[Records contained in a dataset]

+++++

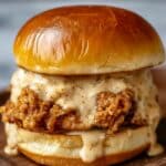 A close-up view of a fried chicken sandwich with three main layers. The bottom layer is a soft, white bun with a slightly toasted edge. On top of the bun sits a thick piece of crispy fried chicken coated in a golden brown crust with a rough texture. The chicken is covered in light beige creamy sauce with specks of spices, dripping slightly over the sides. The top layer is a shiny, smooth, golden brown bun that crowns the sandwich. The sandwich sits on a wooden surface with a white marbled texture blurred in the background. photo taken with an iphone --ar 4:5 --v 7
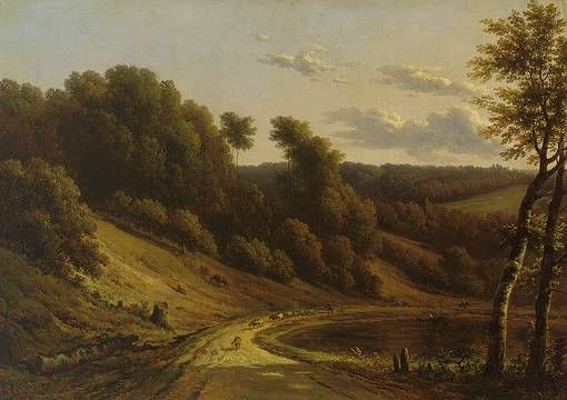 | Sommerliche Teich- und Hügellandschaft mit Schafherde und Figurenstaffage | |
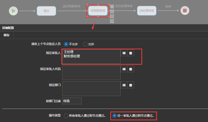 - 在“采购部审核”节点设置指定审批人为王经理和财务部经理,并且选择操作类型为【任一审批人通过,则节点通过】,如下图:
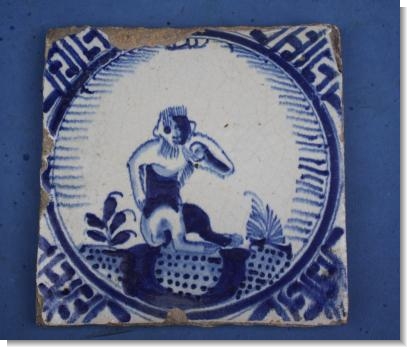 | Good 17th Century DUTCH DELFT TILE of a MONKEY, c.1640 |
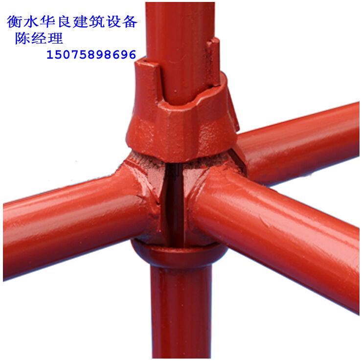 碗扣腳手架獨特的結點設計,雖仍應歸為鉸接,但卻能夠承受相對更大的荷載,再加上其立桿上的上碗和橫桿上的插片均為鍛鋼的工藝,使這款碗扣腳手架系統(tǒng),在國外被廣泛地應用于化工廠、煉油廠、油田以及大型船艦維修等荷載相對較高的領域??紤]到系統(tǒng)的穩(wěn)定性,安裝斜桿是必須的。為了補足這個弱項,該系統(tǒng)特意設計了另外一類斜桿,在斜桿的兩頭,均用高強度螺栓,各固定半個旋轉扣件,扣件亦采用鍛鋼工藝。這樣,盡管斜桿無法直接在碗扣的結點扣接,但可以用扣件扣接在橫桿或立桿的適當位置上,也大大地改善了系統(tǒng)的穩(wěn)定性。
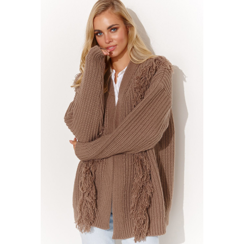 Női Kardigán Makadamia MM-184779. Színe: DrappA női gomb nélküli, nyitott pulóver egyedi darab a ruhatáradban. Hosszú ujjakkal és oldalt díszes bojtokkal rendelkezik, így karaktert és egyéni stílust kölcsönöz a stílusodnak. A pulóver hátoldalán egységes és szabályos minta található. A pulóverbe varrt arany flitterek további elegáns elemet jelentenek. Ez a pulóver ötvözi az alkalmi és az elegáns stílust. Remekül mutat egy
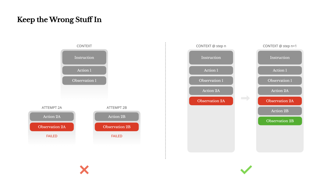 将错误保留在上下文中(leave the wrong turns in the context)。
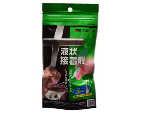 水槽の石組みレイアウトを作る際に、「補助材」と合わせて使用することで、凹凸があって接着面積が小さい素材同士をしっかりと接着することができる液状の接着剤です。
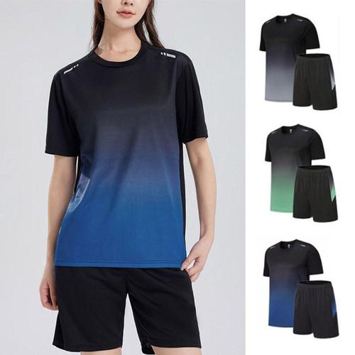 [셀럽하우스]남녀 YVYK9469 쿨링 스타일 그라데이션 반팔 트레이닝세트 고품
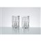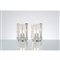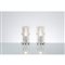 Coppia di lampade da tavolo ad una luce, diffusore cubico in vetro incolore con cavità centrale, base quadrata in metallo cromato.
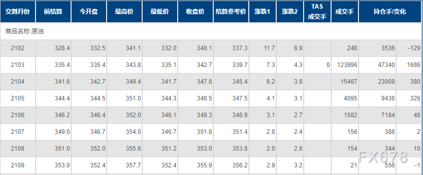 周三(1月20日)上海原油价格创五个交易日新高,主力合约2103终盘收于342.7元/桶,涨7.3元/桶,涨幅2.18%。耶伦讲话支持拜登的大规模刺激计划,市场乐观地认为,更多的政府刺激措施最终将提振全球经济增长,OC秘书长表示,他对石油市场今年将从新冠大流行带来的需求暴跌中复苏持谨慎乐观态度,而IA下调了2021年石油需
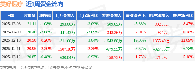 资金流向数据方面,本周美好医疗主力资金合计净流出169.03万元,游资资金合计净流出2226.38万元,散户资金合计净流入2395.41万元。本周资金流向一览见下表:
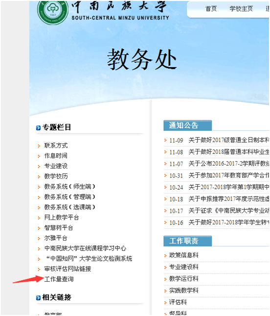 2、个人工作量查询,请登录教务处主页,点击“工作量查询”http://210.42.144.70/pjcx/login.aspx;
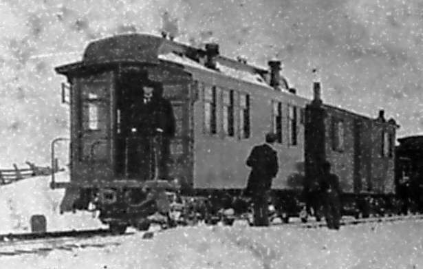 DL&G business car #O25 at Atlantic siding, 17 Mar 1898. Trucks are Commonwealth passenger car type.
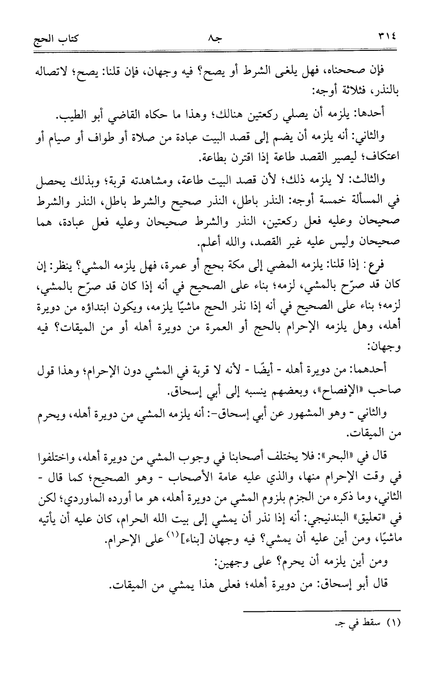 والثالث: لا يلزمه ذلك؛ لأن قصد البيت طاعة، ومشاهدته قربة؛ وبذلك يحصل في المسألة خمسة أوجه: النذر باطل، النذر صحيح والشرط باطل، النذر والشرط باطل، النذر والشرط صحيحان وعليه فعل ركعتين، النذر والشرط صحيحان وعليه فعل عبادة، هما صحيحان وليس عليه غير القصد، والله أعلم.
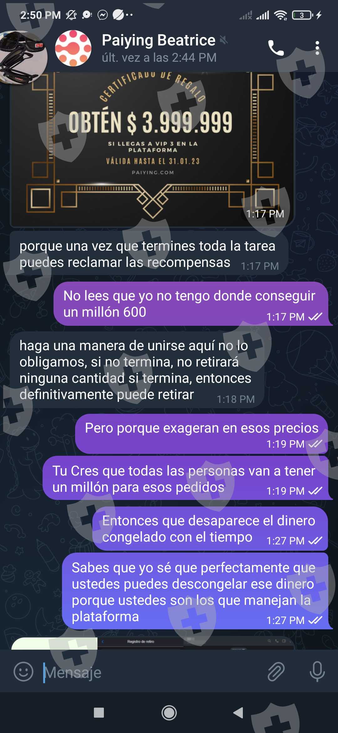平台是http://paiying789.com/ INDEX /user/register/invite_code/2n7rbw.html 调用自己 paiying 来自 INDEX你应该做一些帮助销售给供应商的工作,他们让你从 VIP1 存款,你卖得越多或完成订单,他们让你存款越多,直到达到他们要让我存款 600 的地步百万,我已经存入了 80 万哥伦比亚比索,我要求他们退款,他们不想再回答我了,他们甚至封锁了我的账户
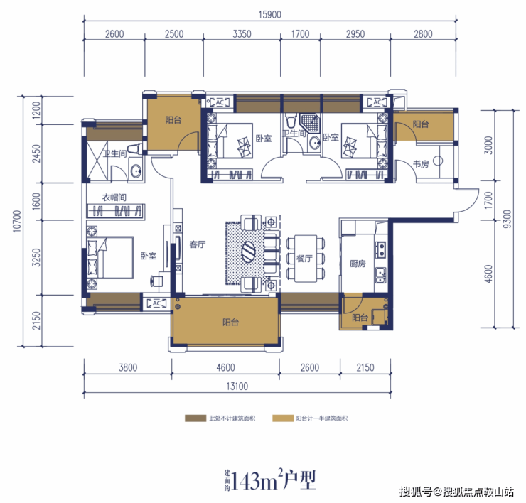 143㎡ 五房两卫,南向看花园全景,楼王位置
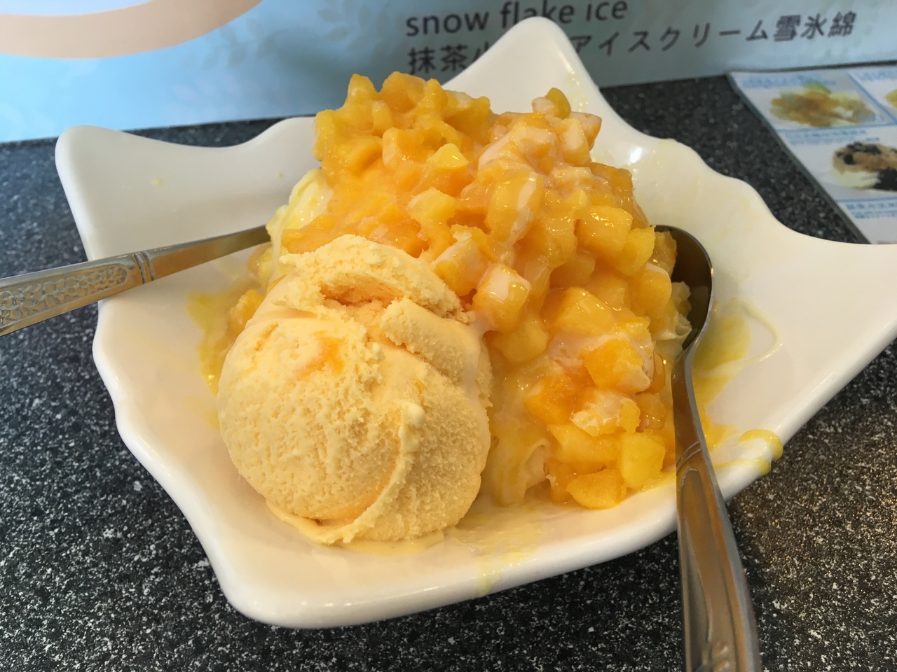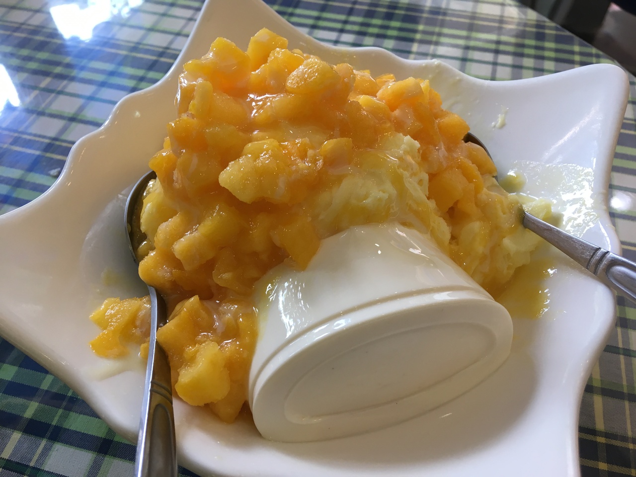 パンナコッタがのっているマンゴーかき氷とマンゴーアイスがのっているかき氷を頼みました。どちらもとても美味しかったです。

+++++

## Work request
Without the pictures, repeat the entries above line by line, from the first through the one that contains "碗扣腳手架獨特的結點設計,雖", both ends included.

## Task output
 A close-up view of a fried chicken sandwich with three main layers. The bottom layer is a soft, white bun with a slightly toasted edge. On top of the bun sits a thick piece of crispy fried chicken coated in a golden brown crust with a rough texture. The chicken is covered in light beige creamy sauce with specks of spices, dripping slightly over the sides. The top layer is a shiny, smooth, golden brown bun that crowns the sandwich. The sandwich sits on a wooden surface with a white marbled texture blurred in the background. photo taken with an iphone --ar 4:5 --v 7
 | Sommerliche Teich- und Hügellandschaft mit Schafherde und Figurenstaffage | |
 - 在“采购部审核”节点设置指定审批人为王经理和财务部经理,并且选择操作类型为【任一审批人通过,则节点通过】,如下图:
 | Good 17th Century DUTCH DELFT TILE of a MONKEY, c.1640 |
 碗扣腳手架獨特的結點設計,雖仍應歸為鉸接,但卻能夠承受相對更大的荷載,再加上其立桿上的上碗和橫桿上的插片均為鍛鋼的工藝,使這款碗扣腳手架系統(tǒng),在國外被廣泛地應用于化工廠、煉油廠、油田以及大型船艦維修等荷載相對較高的領域??紤]到系統(tǒng)的穩(wěn)定性,安裝斜桿是必須的。為了補足這個弱項,該系統(tǒng)特意設計了另外一類斜桿,在斜桿的兩頭,均用高強度螺栓,各固定半個旋轉扣件,扣件亦采用鍛鋼工藝。這樣,盡管斜桿無法直接在碗扣的結點扣接,但可以用扣件扣接在橫桿或立桿的適當位置上,也大大地改善了系統(tǒng)的穩(wěn)定性。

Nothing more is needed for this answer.